Although this lack of procedural uniformity has not proven especially controversial, this fact has: the Electoral College has periodically produced winners who clearly lost the national popular vote to an opponent. In at least five presidential elections—1824, 1876, 1888, 2000, and 2016—the presidential candidate who prevailed in the popular vote lost in the Electoral College. For example, in the disputed election of 2000, Vice President Al Gore received over 500,000 more votes than Governor George W. Bush did nationally, but lost to Bush in the Electoral College by a vote of 266 to 271, after the Supreme Court intervened, on equal protection claims, to halt a Florida Supreme Court order to recount ballots in some counties. Many people believe that the ability to carry the whole election by capturing this or that state—in our time it has been Florida and Ohio—increases the likelihood of strategic mischief and corruption in the electoral process.

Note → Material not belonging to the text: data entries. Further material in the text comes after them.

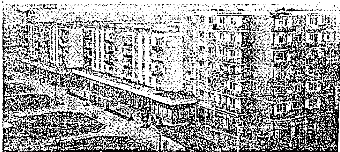
Cartierul Micăleca din Arad a cunoscut în ultimii ani o puternică dezvoltare.

Adresându-se celor aflați aici, secretarul general al partidului, președintele Republicii, tovarășul Nicolae Ceaușescu, a spus: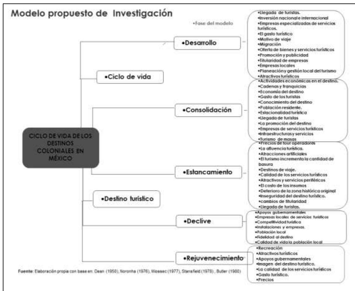
Figura 1.2 Modelo propuesto para el análisis de la fases del ciclo de vida de los destinos

Fuente: Elaboración propia en base a la revisión documental: Dean (1950), Noronha (1976), Moissec (1977), Stanfield 1978, y Butler (1980).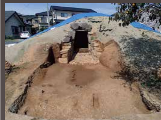
発掘調査後 (第9次調査)

横穴式石室 全長 9.5m 疑似両袖式、玄門立柱石、まぐさ石 礎床、石材は主に花崗岩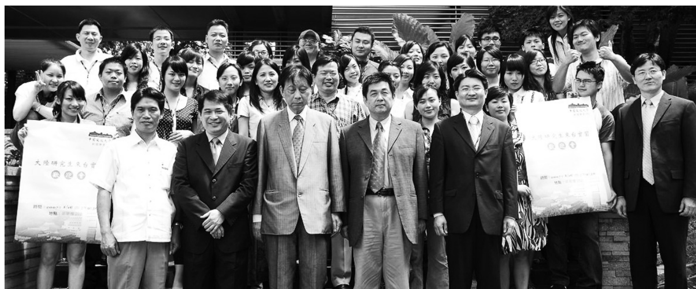
新聞暨傳播學院特於大陸研究生離台前夕，動員全體師生12日於興中堂盛大舉辦歡送會，透過遊戲與歌唱等活動師生同歡。

此外，文大新聞所同時安排大陸研究生參訪電視台、遊覽台灣著名景點，以及深入體驗台灣人文風情的環島之行，促進兩岸學生文化及學術交流，讓這趟兩岸的「文化之旅」滿載而歸，新聞暨傳播學院特於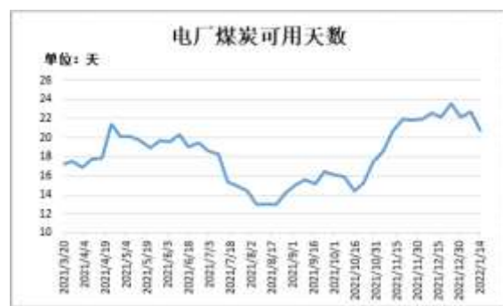
图14：电厂煤炭库存可用天数

截止 1 月 14 日，Mysteel 数据：全国电厂样本区域煤炭可用天数 20.74 天，较前一周减少 1.95 天。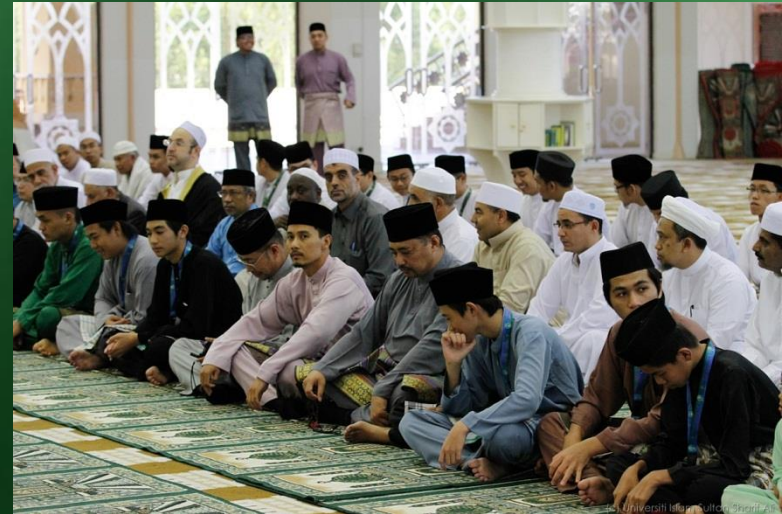
Qiamullail dan Solat Sunat Berjemaah, Solat Subuh Berjemaah dan Kuliah Subuh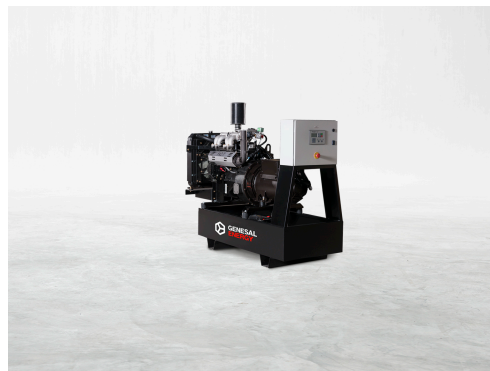
A= 1750 mm B= 2550 mm C= 1020 mm

Ejecución estándar. Bajo demanda, este equipo podrá ser fabricado de forma personalizada. Los productos GENESAL ENERGY pueden ser modificados sin previo aviso por evolución tecnológica.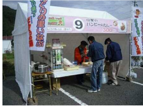
(株) どんぐりの里いなぶ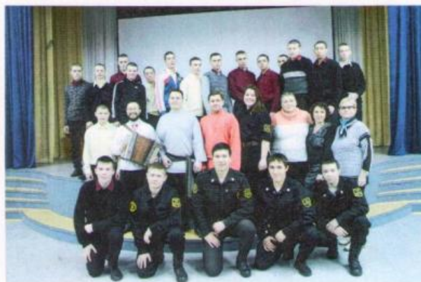
Фотографирование на память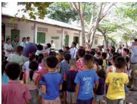
鏡で口腔内を見せて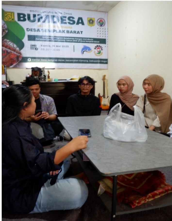
Gambar 1. Diskusi Proses Bisnis Sistem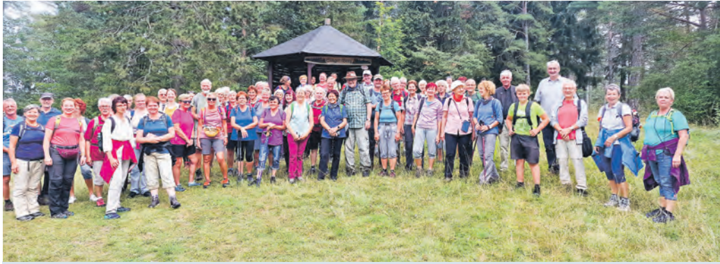
Die sechste gemeinsame Lutherwanderung führte in diesem Jahr am 31. August von Niederwillingen im Ilm-Kreis nach Paulinzella, das in diesem Jahr wegen des Jubiläums 900 Jahre Klosterweihe das ganze Jahr über im Mittelpunkt steht.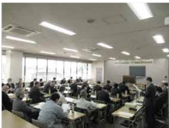
多くの来賓と会員が出席した協議会総会 = 商工会議所3階会議室

国道二七〇号、二二六号や県道などの幹線道路、南さつま市の市道、市内の河川まで含めた整備促進を目的に南さつま市の商工、農業、漁業団体などの関係機関や企業、個人で構成する「南さつま広域圏道路・河川整備促進協議会」が、令和五年九月末での令和四年度事業終了を受けて総会を令和六年一月十七日（水）に当所会議室で多くの来賓と会員の出席のもと開催しました。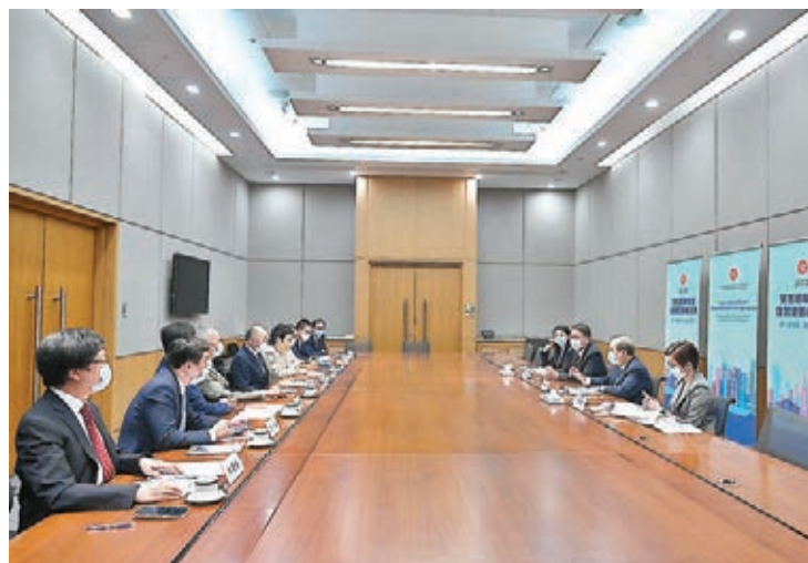
●張建宗與部分全國性團體的港人代表會面。

他認為，雖然特區政府近日的解說、宣傳工作做得不錯，但由於新制度比較複雜，故十分支持特區政府深入淺出、耐心地對各界人士及普羅市民做好解說。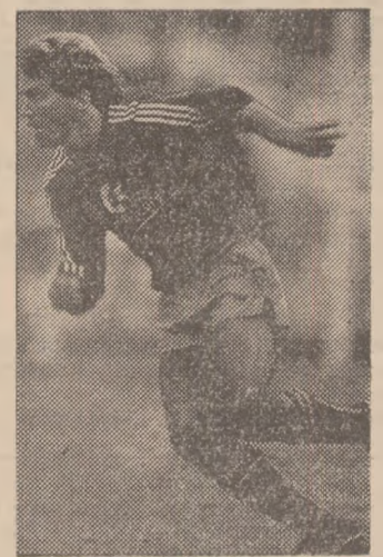
Lothar Matthaus, unul dintre jucătorii de bază de la Bayern München. Pînă cînd? Se pare că în viitorul sezon el va evolua la Internazionale

samente: punct de plecare al comentariului nostru: 1) „Adevărul”: Bremen +12; F.C. Köln +10; Bayern München +7; Mönchengladbach +6... Dortmund, Schalke, Bochum, Uerdlingen — cîte -5; Homburg -7; 2)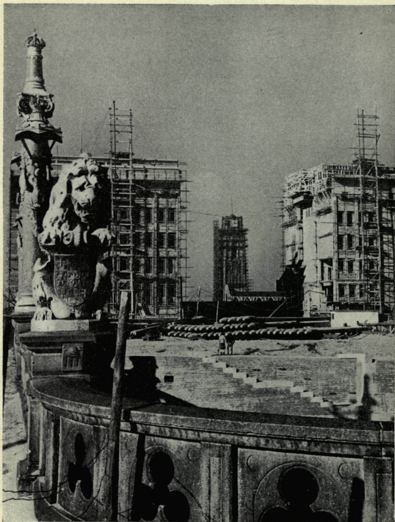
1. Bankgebouwen langs de Blaak, gezien van de Regentessebrug af.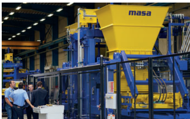
Un punto di attrazione particolare è stato quello delle presentazioni delle macchine: oltre alla blocchiera Masa XL 9.2, ...

Con orgoglio la società ha presentato anche il giardino di esposizione dei campioni di pietre ultimato giusto in tempo per festeggiare i 110 anni. I visitatori della Masa hanno avuto l'occasione di ammirare, in un'atmosfera rilassata, la varietà di blocchi con forme, colori e superfici di vario genere, blocchi che ovviamente sono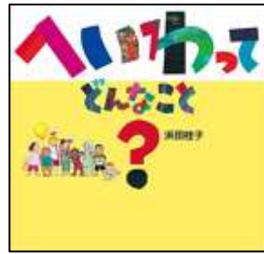
『へいわって どんなこと?』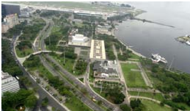
« Parc de Flamengo (Parque do Flamengo) »

Le Sommet des peuples se tient sur le même lieu (parc de Flamengo) que celui où les ONG s'étaient réunies vingt ans plus tôt et s'oppose donc a priori aux activités de la société civile « cooptée » se tenant à Riocentro. Néanmoins, l'organisation du Sommet des peuples reste bien intégrée à la programmation d'ensemble Rio+20. Malgré son succès mitigé, sa forme est celle d'un Forum social mondial, une forme déjà bien institutionnalisée et enrichie depuis 2001. Cette forme se définit comme un « espace ouvert » (Wallerstein, 2004 ; Cardon et Agrikolansky, 2005) pour la « convergence » des mobilisations et se caractérise par sa diversité interne et son accumulation de formats de rassemblement (colloque/foire/assemblée/mobilisation).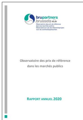
Figuur 4 – Jaarverslag 2020

Het Jaarverslag van het Observatorium van de referentieprijzen voor de overheidsopdrachten bevat alle activiteiten die in 2020 werden uitgeoefend.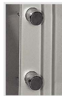
6 Bulones giratorios anti-sierra de \varnothing 25 mm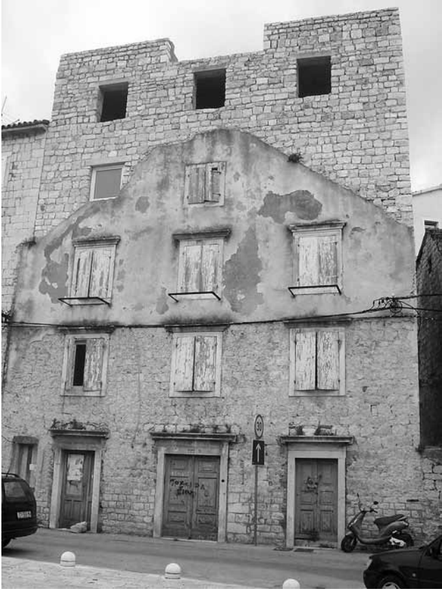
4. Nadogradnja kuće na Trgu sv. Jakova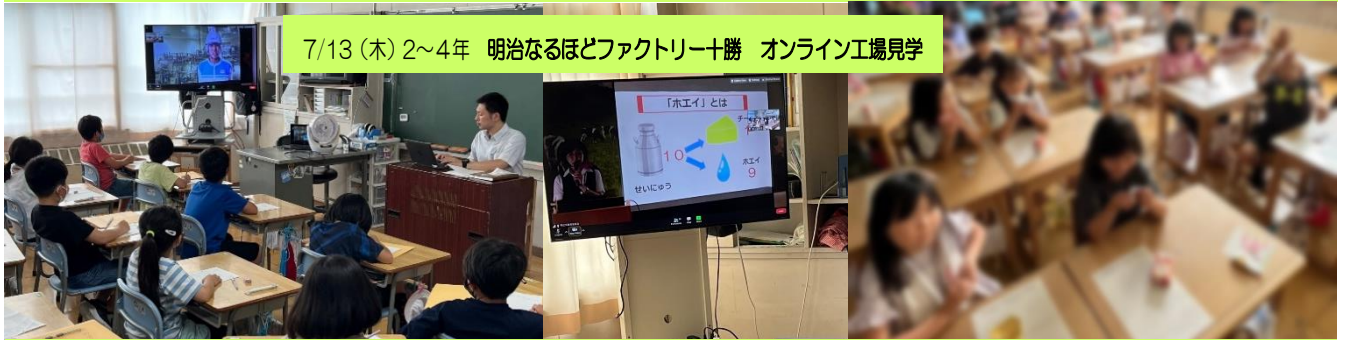
7/13 (木) 2~4年 明治なるほどファクトリー十勝 オンライン工場見学

「ふるさと帯広」に対する誇りと愛着を育み、地域社会の一員として、よりよい地域づくりに関わる子どもを育てることを目的とした「おびひろ市民学」はおび学と呼ばれ定着しています。4年生のアイヌ文化を学ぶ学習は、歴史や地域文化を学ぶ学習として市内全校で実施されているものです。百年記念館の学芸員さんから歴史や文化について説明を受けた後、カムイトボボ保存会の方から歌と踊りを学びました。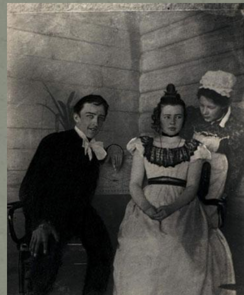
А. Блок в роли Чацкого в любительском спектакле . Боблово. 1898 год.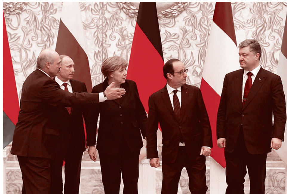
Минск, 12 февраля 2015 г.

Текст документа, выработанный в ходе переговоров «нормандской четверки», был направлен для обсуждения в контактную группу. Однако, по данным информированного источника, лидеры ДНР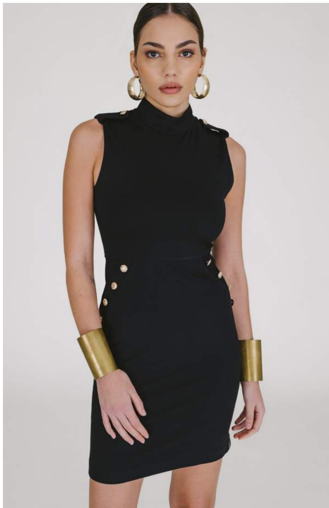
ABITO – AB 1000 NERO COLORI DISPONIBILI: MARRONE – ROYAL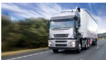
Reservatório de Ar - Automotiva Pesada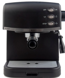
Espresso Maker MS 4409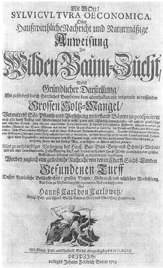
Abbildung 3 a: Titelblatt Carlovitz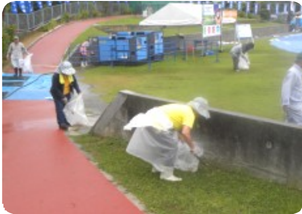
小雨降る中、ひとつのゴミも逃すまいと清掃作業に励むボランティア参加者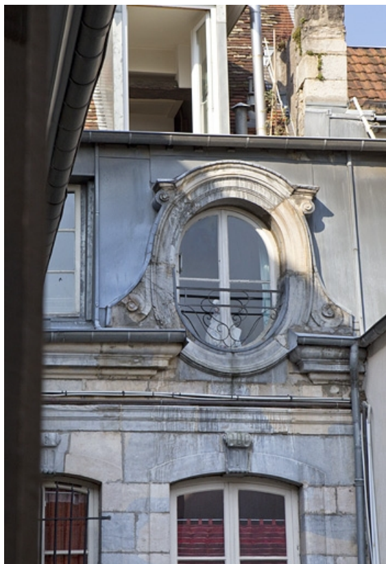
Façade antérieure du logis en fond de cour : détail de la lucarne centrale.

25, Besançon Grande Rue 67, lieudit : îlot Saint-Pierre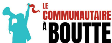
IMAGE DE MARQUE Mouvement de grève communautaire

L'image de marque du mouvement « Le communautaire à boutte! » se construit autour d'un univers visuel, symbolique et narratif fort qui traduit à la fois la colère, la fatigue et la fierté du milieu communautaire.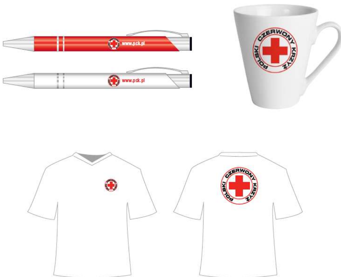
Rys. Właściwie użycie znaku

Przy projektowaniu tego typu materiałów należy pamiętać, aby umieszczony na nich znak nie mógł być pomyłony ze znakiem w znaczeniu ochronnym.

Supporters of the Electoral College credit it with preserving an important dimension of state-based federalism in our presidential elections and argue that it works to guarantee that our Presidents will have nationwide support. Critics argue under current circumstances that it actually consigns most states in the Union to “spectator” status in presidential elections and drags down voter turnout in these states, reduces the real field of play to fewer than a dozen “swing states,” and dramatically polarizes the nation’s politics while reducing voter turnout. Proposed constitutional amendments for different plans for a direct popular election—some with a run-off provision in the event no candidate receives 40 percent in the first round—have to date made little headway.

A recent and unusual plan to work around the amendment process and address the problems of the Electoral College is the National Popular Vote Plan, which began in Maryland in 2007 and has since won support from a dozen other states. The idea is to form an interstate agreement for states to appoint their Electors for the winner of the national popular vote rather than the winner in each state. Champions of this plan assert that it would guarantee that there would be no more “wrong winners” and that every part of the Union would attract political investment and campaigning by the parties which today quickly abandon large parts of the country to their opponents while taking many other states for granted. Opponents say that the National Popular Vote plan actually defeats the state-based design of the Electoral College, could never be enforced if a state reneged on its promise, and is unconstitutional. Given the continuing polarization of American politics and background unhappiness with the Electoral College, it seems certain that the National Popular Vote plan and other reform proposals will continue to attract public attention and debate.